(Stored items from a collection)
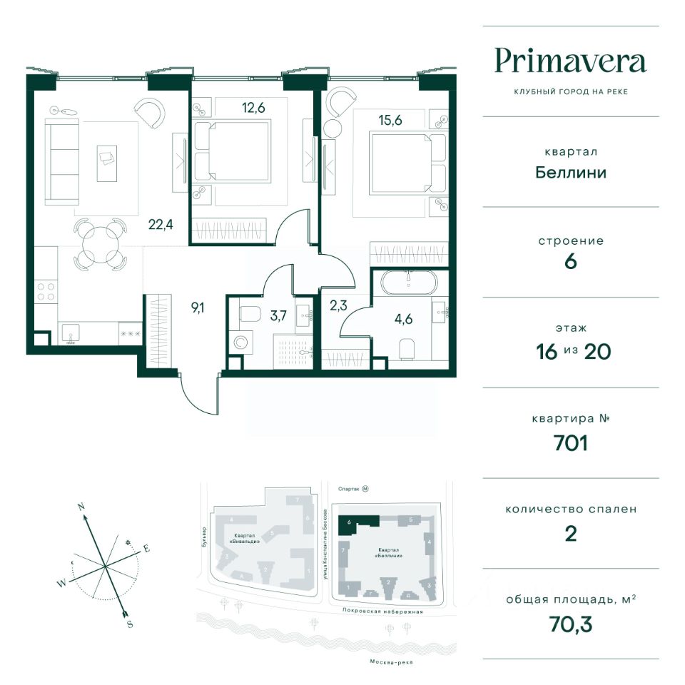 Клубный город на реке Primavera — это современный жилой комплекс премиум-класса, расположенный на первой береговой линии Москвы-реки в экологически чистом районе Покровское-Стрешнево. Под панорамными окнами квартир находится собственный экопарк с продуманной сетью прогулочных дорожек и современными детскими и спортивными площадками. За парком расположена набережная с собственным пляжем и зонами для отдыха. Клубный город на реке Primavera предлагает широкий выбор планировок для различных жизненных сценариев: от просторных однокомнатных квартир до пентхаусов и жилых помещений с террасами и патио. Выберите из 120 вариантов эргономичных планировок стандартного и евроформата. Из каждой квартиры открываются красивые виды на реку с углом обзора в 270 градусов. Дизайнерские лобби предлагают панорамный обзор на благоустроенный двор. Высокие потолки в 6 метров и качественная отделка создают атмосферу, схожую с пятизвездочными отелями. В Primavera есть всё необходимое для комфортной жизни в мегаполисе: •Образование для детей в шаговой доступности: 4 школы, 8 детских садов и развивающие центры с кружками и секциями. •Удобства на расстоянии приятной прогулки: супермаркеты, кафе, рестораны с верандами, салоны красоты, аптеки и многофункциональный центр для шоппинга и развлечений. •Умный дом: автоматизированное бесконтактное управление основными системами доступа и безопасности через мобильное приложение. Клубный город на реке Primavera выгодно сочетает комфорт городской жизни с близостью к природе. Живите в месте, где все создано для вашего удобства!
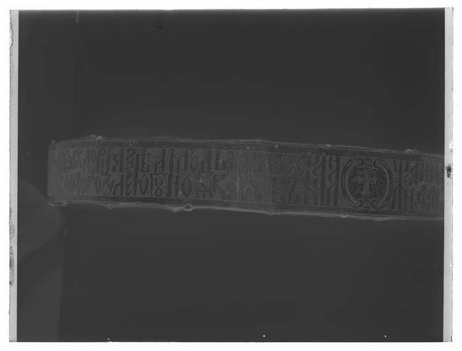 | Keywords: Mitra för dignitär inom den ryska ortodoxa kyrkan - Livrustkammaren - 79407-negative.tif LSH artwork sv Krigsbyge från Narva Mitra av hattformig modell med cylindrisk kulle med svagt rundad kant Vulstformigt brätte b ca 30 mm klätt med pergament ursprungligen med skinn Kullen klädd med delvis mycket slitet karminrött siden nertill vid brättet ring av förgylld silverplåt b 30 mm med graverad gammalslavisk text översättning se Bodin År 7 159 november 17 dagen gav statssekreteraren Michail Danilovs hustru änkan Uljana dotter till Vasilij denna biskopsmössa till Tjudovklostret till den undergörande Aleksijs hem till minne av sin make Michail Danilovitj eremitmunken Misail och sin dotter Ksenia för sin själDärovanför en krans med sex ursprungligen nio helgonbilder graverade på rektangulära plåtar med trepassformig överdel mellersta bågen spetsig h 83 mm b 58 mm gammalslaviska texter 1 - ett manligt helgon med otydlig text pete ; 2 - ärkeängeln Gabriel achange gabri ; 3 - Maria mrthy mätär Theo - Guds moder ; 4 - ärkeängeln Mikael achage michail ; 5 - evengelisten Petrus apoto petr ; 6 - helgon i biskopsdräkt st alekse miro På kullens översida en krans med nio runda plåtar med serafer och keruber fyra stycken med text serafim fem med cherubi Mitt på kullen en stor rund plåt d 102 5 mm med Maria och Jesusbarnet text mrthy Guds Moder Runt plåtarna broderier med silke silvertråd och -paljetter två ovala genomborrade glaspärlor bevarade Hatten invändigt stoppad och klädd med blekrött siden original caption Slaget vid Narva 1650 silver - silk Färg röd karminröd material siden - parchment size mm 195 kulle size mm 265 bräm g 6145 size mm 150 ca LRK Karl XII av Sverige Mille ans de tradition chret 1988-1989 Kungens lockpipa 1995-1996 Karl XII och Peter den store Peter den store och Karl XII - i krig och fred 1998-1999 Livrustkammaren Krigsbyte 2007-2008 300-årsminnet av slaget vid Poltava / Poltava 300 Years Eremitaget och Kreml-museet 2009-2010 Livrustkammaren nya basutställning 2018 LRK bas 2018 Livrustkammaren apoto Petr S t Petrus Per achage michail Mikael st alekse miro S t Alexej Miro mrthy Mätär Theou - Guds Moder Maria achange gabri Gabriel place of origin original filename LN_E02385 42045 inventory number LRK 5388 79407 CC0 Mitra för dignitär inom den ryska ortodoxa kyrkan - Livrustkammaren - 79407 tif <gallery caption Different images of same object > File Mitra Tchudov-klostret - Livrustkammaren - 38923 tif File Mitra för dignitär inom den ryska ortodoxa kyrkan - Livrustkammaren - 10922 tif File Mitra för dignitär inom den ryska ortodoxa kyrkan - Livrustkammaren - 2362 tif File Rysk-ortodox mitra från 1650 - Livrustkammaren - 47481 tif File Mitra för dignitär inom den ryska ortodoxa kyrkan - Livrustkammaren - 53725 tif File Mitra ovanifrån - Livrustkammaren - 18355 tif File Mitra för dignitär inom den ryska ortodoxa kyrkan - Livrustkammaren - 62286 tif File Mitra för dignitär inom den ryska ortodoxa kyrkan - Livrustkammaren - 70848 tif File Helbild mitra - Livrustkammaren - 9793 tif </gallery> <gallery caption Related objects > File Mässkåpa - Livrustkammaren - 68556 tif LRK 19520 File Rysk mässkåpa - Livrustkammaren - 5042 tif LRK 19520 File Mässkåpa rysk detalj - Livrustkammaren - 25085 tif LRK 19520 File Mässkåpa rysk detalj - Livrustkammaren - 16523 tif LRK 19520 File Rysk mässkåpa - Livrustkammaren - 35643 tif LRK 19520 File Rysk mässkåpa - Livrustkammaren - 231 tif LRK 19520 File Rysk patriarksköld - Livrustkammaren - 26429 tif LRK 19521 File Rysk mässkåpa - Livrustkammaren - 77275 tif LRK 19520 </gallery> |
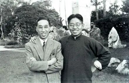 作家柯灵和画家丁聪,他俩身后张爱玲与冯亦代正在交谈。1943年夏天,上海已成沦陷区,柯灵刚受聘接手商业性杂志《万象》,正在寻求作家的支持,他偶尔翻阅杂志《紫罗兰》,读到张爱玲的《沉香屑·第一炉香》,就想找她写稿。
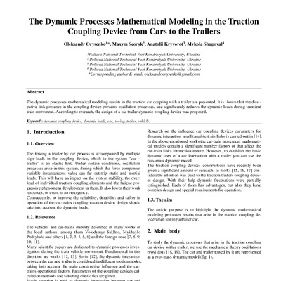 2022/11/15The Dynamic Processes Mathematical Modeling in the Traction Coupling Device From Cars to the Trailers
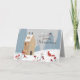 Vintage style, rustic holiday card with antique home in a snow covered meadow. A curious fox has come out to investigate the newly fallen snow and there are birds eating the last of the red berries on the bushes. Inside a proud buck stands with his doe near a tree. Personalise with a different message if you wish and include your names and the year. A red fox is on the top looking around to the back of the card, where you'll see two sweet birds who've finished off the berries!
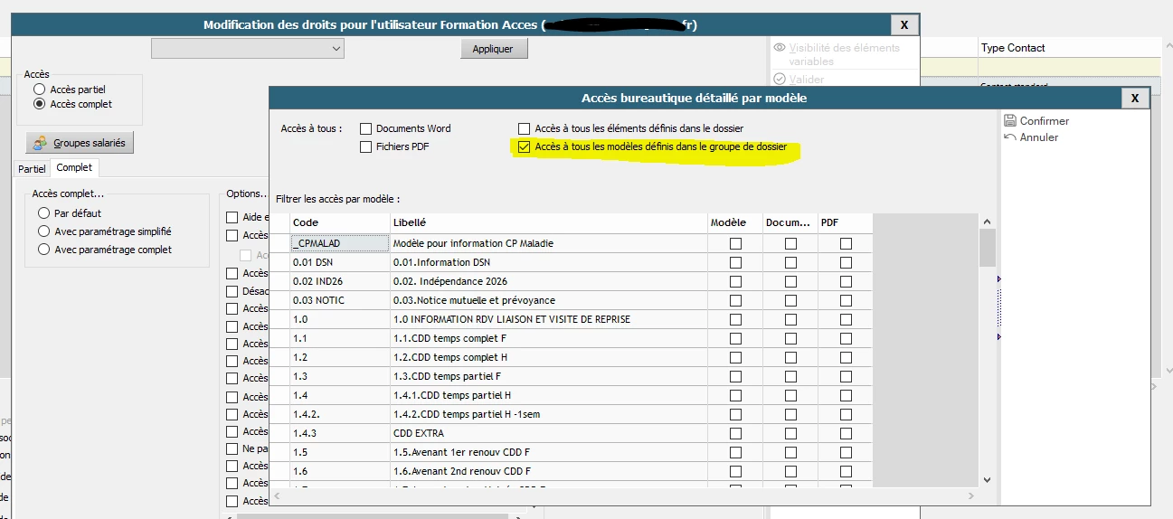 existe-t-il un menu qui permet de sortir la liste des modèles bureautiques créés sur les dossiers, sans avoir besoin de rentrer sur chaque dossier.
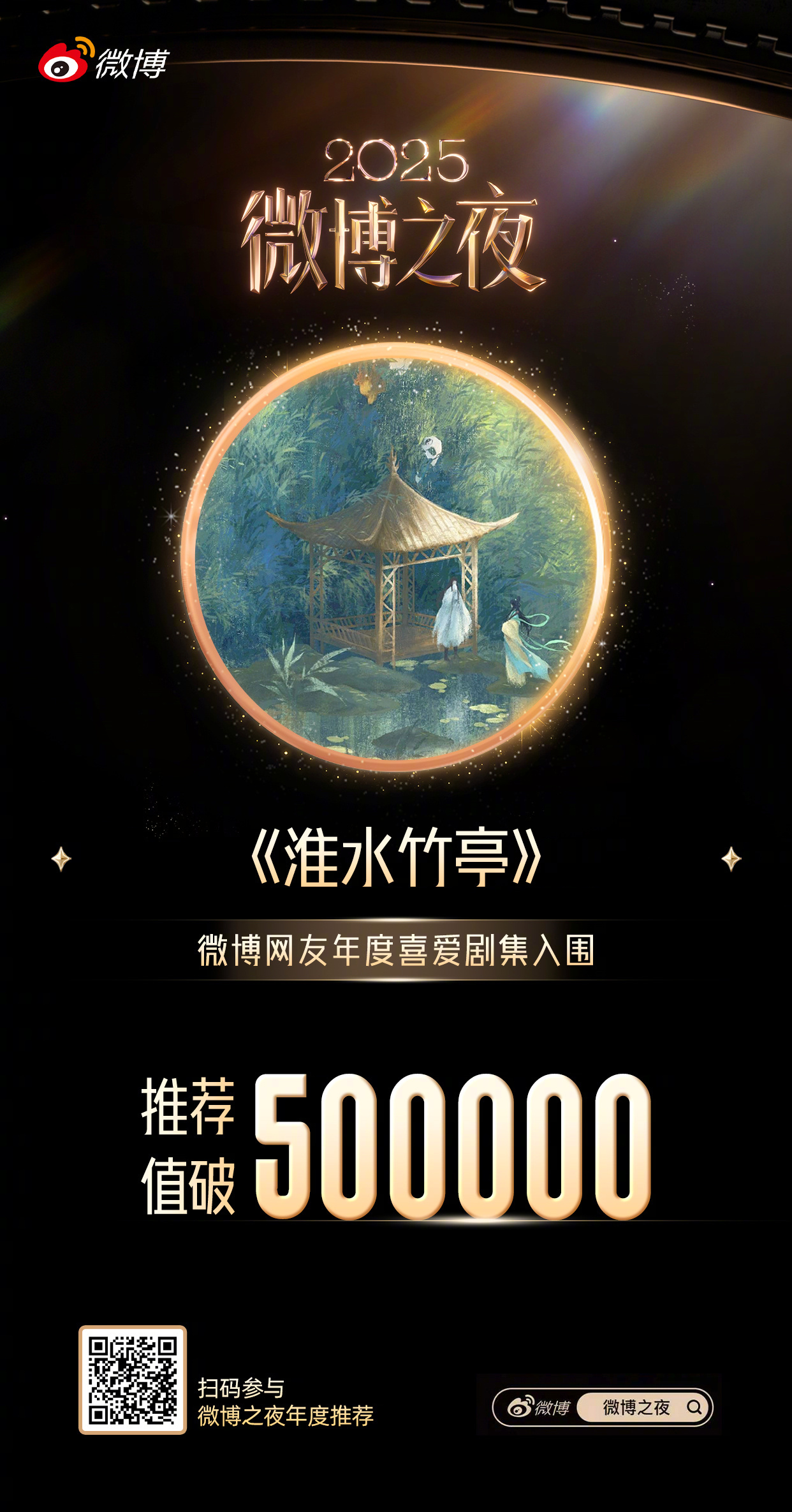 🏆微博之夜年度推荐 荣耀里程碑恭喜刘诗诗淮水竹亭年度喜爱剧集推荐值破50万
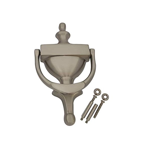 QCAA Solid Brass Door Knocker, 7", Satin Nickel, Made in Taiwan, 1 Pack

▸ **ABOUT THIS EXERCISE**
From the line containing "existe-t-il un menu" to the last line of the records, inclusive, output the lines exactly as written and nothing else; leave out the pictures.

▸ **EXERCISE SOLUTION**
 existe-t-il un menu qui permet de sortir la liste des modèles bureautiques créés sur les dossiers, sans avoir besoin de rentrer sur chaque dossier.
 🏆微博之夜年度推荐 荣耀里程碑恭喜刘诗诗淮水竹亭年度喜爱剧集推荐值破50万
 QCAA Solid Brass Door Knocker, 7", Satin Nickel, Made in Taiwan, 1 Pack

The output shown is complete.